مقالات پذیرفته شده در نهمین کنگره بین المللی زیست پزشکی
The Role of Mesenchymal Stem Cells in Modulating Immune Response in Regenerative Medicine
The Role of Mesenchymal Stem Cells in Modulating Immune Response in Regenerative Medicine
Kasra Kordi,1,*
1. Islamic Azad University Tehran Medical Sciences
Introduction: Regenerative medicine, a rapidly evolving field, aims to restore tissue and organ function through the repair, replacement, or regeneration of damaged cells, with stem cells as key therapeutic agents. Mesenchymal stem cells (MSCs) are particularly notable for their capacity to differentiate into multiple tissues and modulate immune responses. Because cell-based therapies can induce immune reactions, regulating these responses is crucial for therapeutic success. This paper reviews the principles of regenerative medicine, the characteristics of MSCs, and their interactions with immune cells, emphasizing the potential of MSCs mediated immunomodulation to enhance regenerative outcomes.
Methods: Mesenchymal stem cells (MSCs) do not naturally differentiate directly into most immune cell types such as lymphocytes or macrophages; however, they can modulate immune responses indirectly. Some studies have explored protocols to induce MSC differentiation toward immune-like cells, such as macrophage- or dendritic cell-like phenotypes, primarily through specific growth factors, culture conditions, and chemical signals.
Key approaches include:
1. Use of Growth Factors and Cytokines: Supplementing culture media with factors such as GM-CSF (Granulocyte-Macrophage Colony-Stimulating Factor), M-CSF (Macrophage Colony-Stimulating Factor), IL-4, IL-6, and TNF-α to guide MSCs toward macrophage or dendritic cell lineages.
2.Specialized Culture Environments: Employing specific physical and chemical culture conditions, including three-dimensional (3D) culture systems and biomaterials, to enhance differentiation efficiency.
3.Co-culture Systems: Culturing MSCs alongside primary immune cells (e.g., macrophages) to promote differentiation via cell-to-cell signaling.
4. Chemical and Physical Stimuli: Applying chemical stimuli like lipopolysaccharide (LPS) or poly I:C, and physical stimuli such as mechanical stress or light exposure, to induce phenotypic changes.
Direct differentiation of MSCs into fully functional immune cells, especially lymphocytes, remains unproven and limited. The immunomodulatory role of MSCs is more established, acting primarily through secretion of soluble factors and extracellular vesicles to regulate immune cell behavior rather than direct replacement.
Results: Numerous studies have demonstrated that mesenchymal stem cells (MSCs) exert significant immunomodulatory effects on various immune cell types. MSCs inhibit T cell proliferation and activation through secretion of soluble factors such as transforming growth factor-beta (TGF-β), prostaglandin E2 (PGE2), and indoleamine 2,3-dioxygenase (IDO). They also promote the generation of regulatory T cells (Tregs), contributing to immune tolerance. Additionally, MSCs modulate the activity of dendritic cells by inhibiting their maturation and antigen-presenting capacity, thus dampening adaptive immune responses.
MSCs have been shown to suppress B cell proliferation and antibody production and to reduce natural killer (NK) cell cytotoxicity and cytokine secretion. Furthermore, MSCs influence macrophage polarization, promoting a shift from pro-inflammatory M1 to anti-inflammatory M2 phenotypes, which supports tissue repair and resolution of inflammation.
These immunoregulatory properties are mediated through both direct cell–cell contact and the release of extracellular vesicles containing bioactive molecules. Collectively, these mechanisms enable MSCs to create an anti-inflammatory microenvironment, reduce tissue damage, and enhance the success of regenerative therapies.

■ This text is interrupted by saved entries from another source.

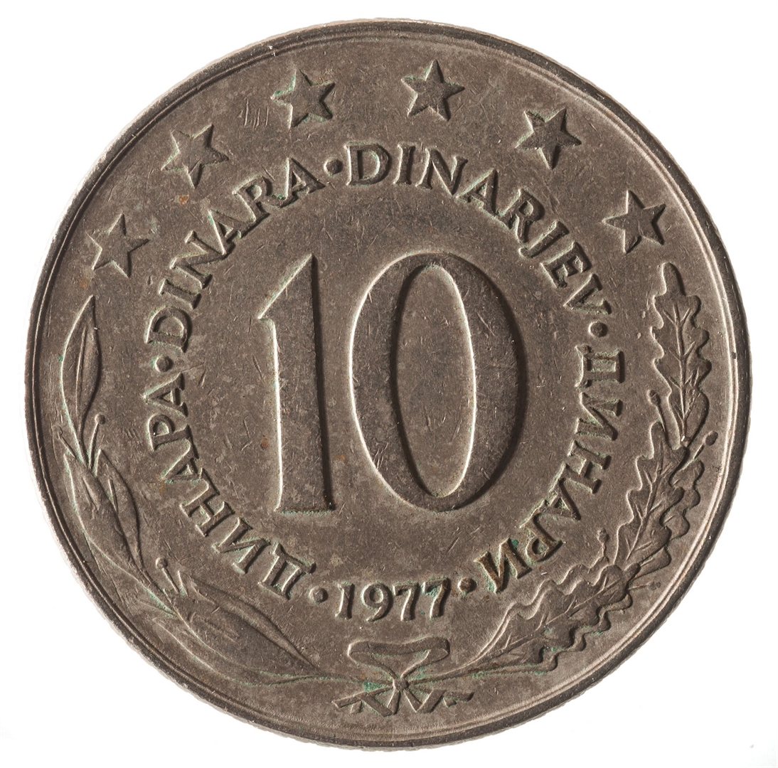 U sredini broj 10 (nominala), oko njega tekst DINAR na četiri jezika, a ispod toga godina 1977. Duž gornjeg ruba polukružno poredano 6 petokrakih zvjezdi.
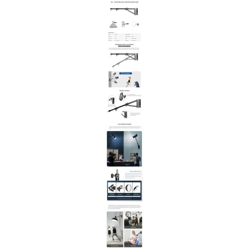 Key features of the StudioKing Wall Boom FTB-700B- Wide range of movement: rotates up to 180° left, right, forward and backward.
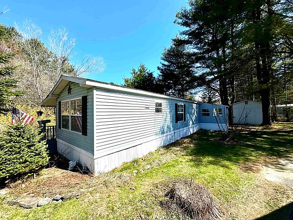 Well maintained 1996 Redman New Moon 70' x 14' two bedroom one bathroom 924 finished square foot single wide mobile home in Sandy Pines mobile home park in East Montpelier. Behind the home is a walking trail along the old railroad bed. Dogs are allowed - see the attached allowed breeds list. Inside the home, there is a wide open floor plan with the spacious fully equipped kitchen, dining area and living room. One large bedroom is located in the back. There is a walk-in tub in the bathroom that needs a new seal. The second bedroom is on the other side of the bathroom. The hallway washer and dryer stay with the home. There are two attached enclosed porches. One has beautiful wood walls and ceiling and the other has a door to the back yard and access to the large detached shed that has a second level for additional storage. The home is on a corner lot with extra privacy provided by forsythia, trees and bushes. There are two paved parking spaces that the homeowner maintains. Lot rent is $485. and includes water, sewer, road plowing and trash. Buyers must fill out Sandy Pines Park Application.
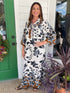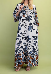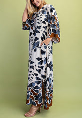 CHARCOAL MIX LEAF PRINT BOW NECK COLLAR LOUNGE MAXI DRESS
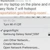 Virgin flight delayed after wi-fi device named after 'Samsung Galaxy Note 7' A Virgin America flight almost had to be diverted after a prankster passenger changed the name of their cellphone's WiFi hotspot to 'Samsung Galaxy Note 7'.
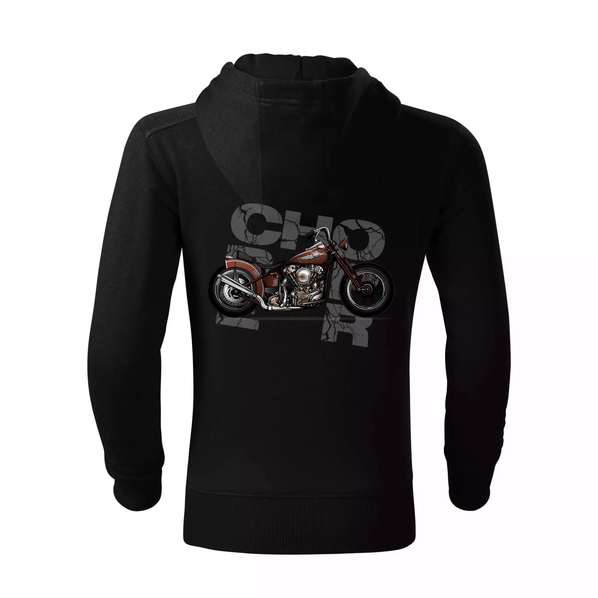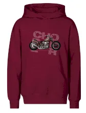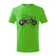 Tričko pre motorkárov, na ktorom je červená motorka chopper. Motocykel by mal mať na tričku každý správny motorkár. Moto tričko s motorkou je vhodný darček pre motorkárov.
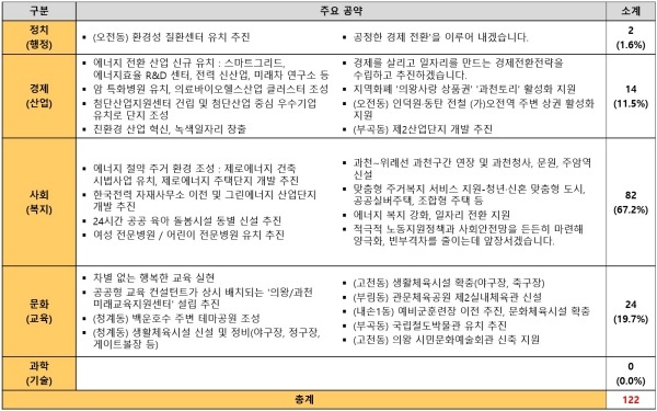 다음으로 △경제(산업) 공약 18.9% △정치(행정) 공약 5.4% △과학(기술) 공약 5.4% △문화(교육) 공약 2.7%를 각각 기록했다.
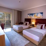 - Chambre premium familiale (45 m²). Mêmes équipements avec 1 lit double et 2 lits simple. Capacité : 3 adultes + 1 enfant.
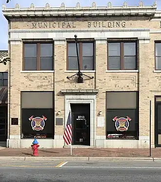 Farmville Historic District is a national historic district located at Farmville, Pitt County, North Carolina. The district encompasses 330 contributing buildings, 1 contributing site, and 2 contributing structures in the central business district and surrounding residential sections of Farmville. It includes buildings dated from about 1860 to 1942 and notable examples of Colonial Revival, Classical Revival, and Queen Anne style architecture. Notable buildings include the James W. May House (c. 1860), Fields-Rasberry House (c. 1900), Dr. David Morrill House (c. 1909), Warren Parker House, Nannie Smith House (c. 1884), First Christian Church (1910), Emmanuel Episcopal Church (1920), St. Elizabeth Catholic Church, Municipal Building (1928) possibly designed by Benton & Benton, Bank of Farmville (1921) designed by Benton & Benton, Pollard Auto Company Building, Paramount Theatre (1930s), J. Y. Monk Tobacco Warehouse, and East Carolina Railway Office and Freight Station.[2]
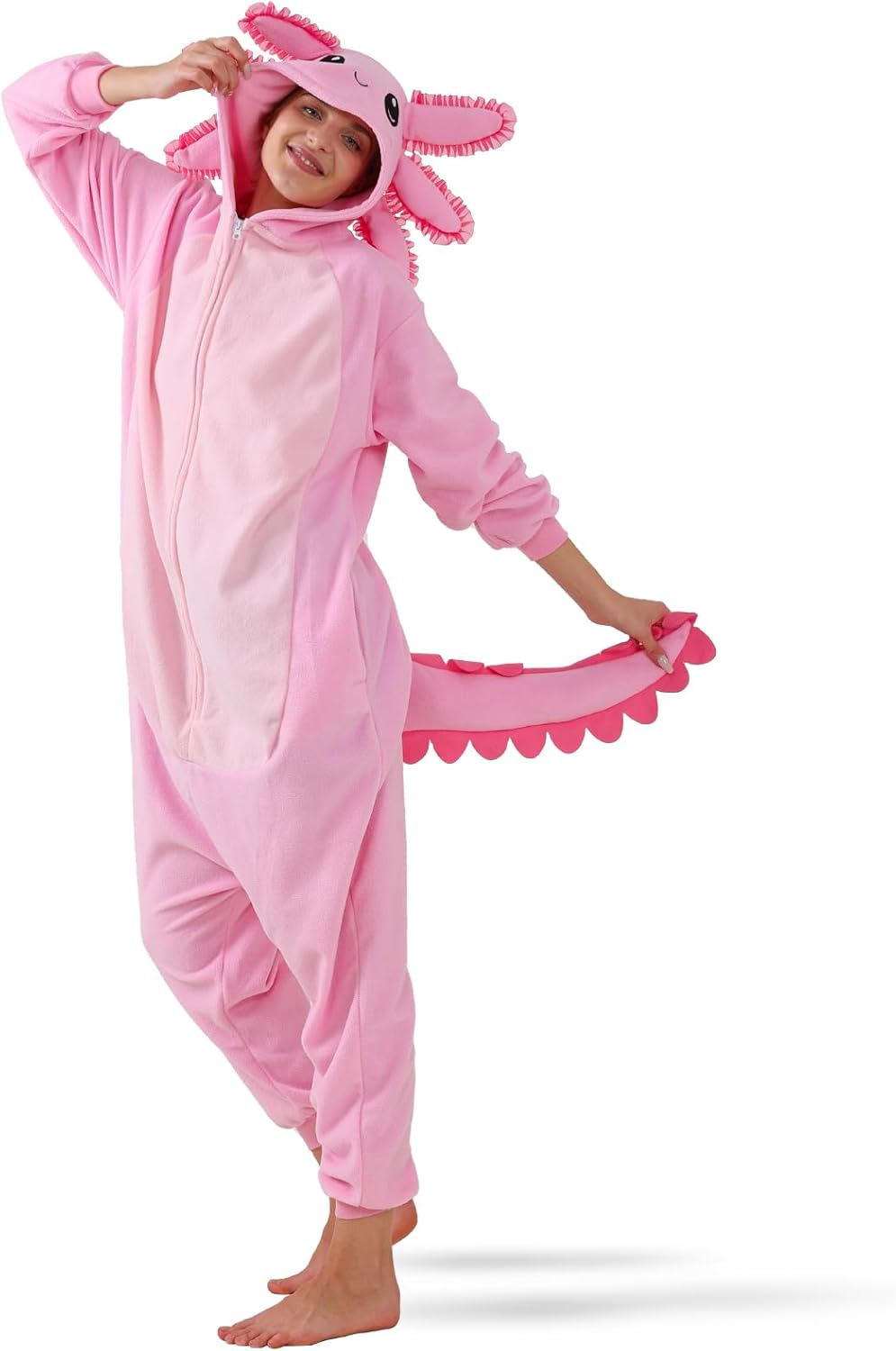Axolotl Animal Adult Onesie Pajamas Cosplay Halloween Costume Sleepwear Jumpsuit Costume for Women Men L Pink
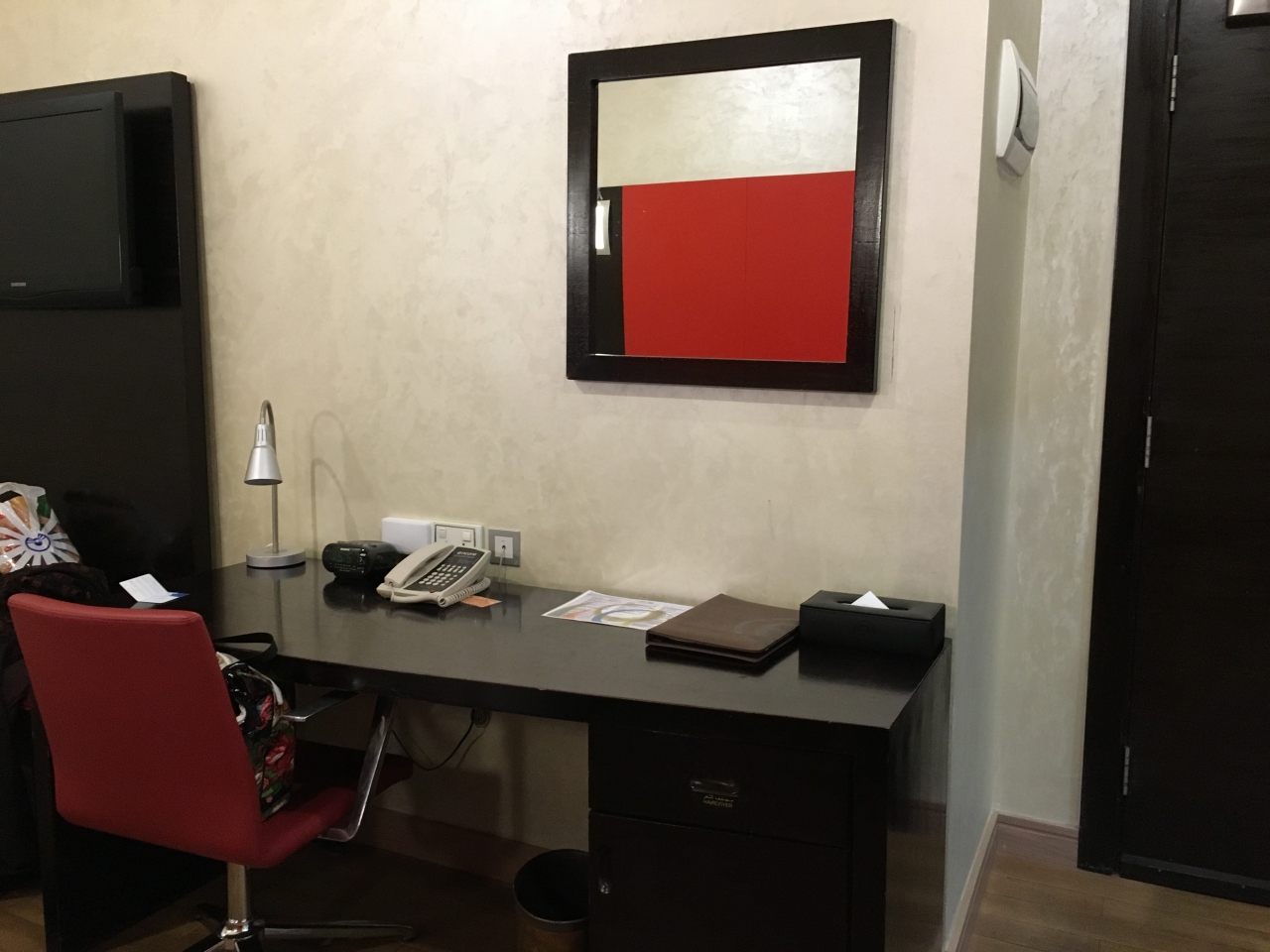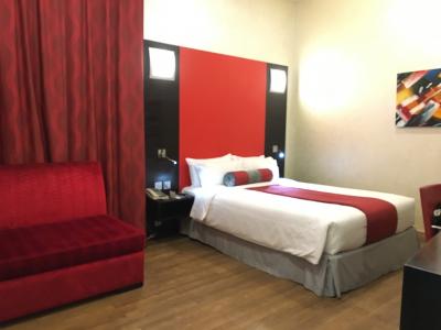 カタール航空からトランジットホテルとして指定されているだけあり、短期で泊まるには最適の中型ホテル。ロビーと同じく赤を基調とした客室はモダンで広々としており、ソファやデスクもあり居住性はとても良いです。トイレやバスルームも綺麗でスタイリッシュ、ストレスはありません。
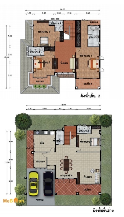 บ้าน 2 ชั้น 3 ห้องนอน 5 ห้องน้ำ
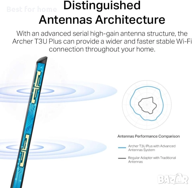 Външна антена Wi-Fi адаптер — Усъвършенстваните външни антени с висок коефициент на усилване значително подобряват силата на приема и предаване на сигнала на USB адаптера

Conclusion: Mesenchymal stem cells (MSCs) play a pivotal role in regenerative medicine not only through their differentiation potential but also by their robust immunomodulatory capabilities. While direct differentiation of MSCs into immune cells remains limited, their ability to regulate immune responses via soluble factors, extracellular vesicles, and cell–cell interactions is well established. MSC-mediated modulation of T cells, B cells, dendritic cells, natural killer cells, and macrophages contributes to the suppression of harmful inflammation and promotion of tissue repair. Harnessing these immunoregulatory properties of MSCs offers promising avenues to overcome immune-related challenges in cell-based therapies and improve the efficacy and safety of regenerative treatments. Future research should focus on optimizing MSC-based immunomodulation strategies to maximize therapeutic outcomes in clinical applications.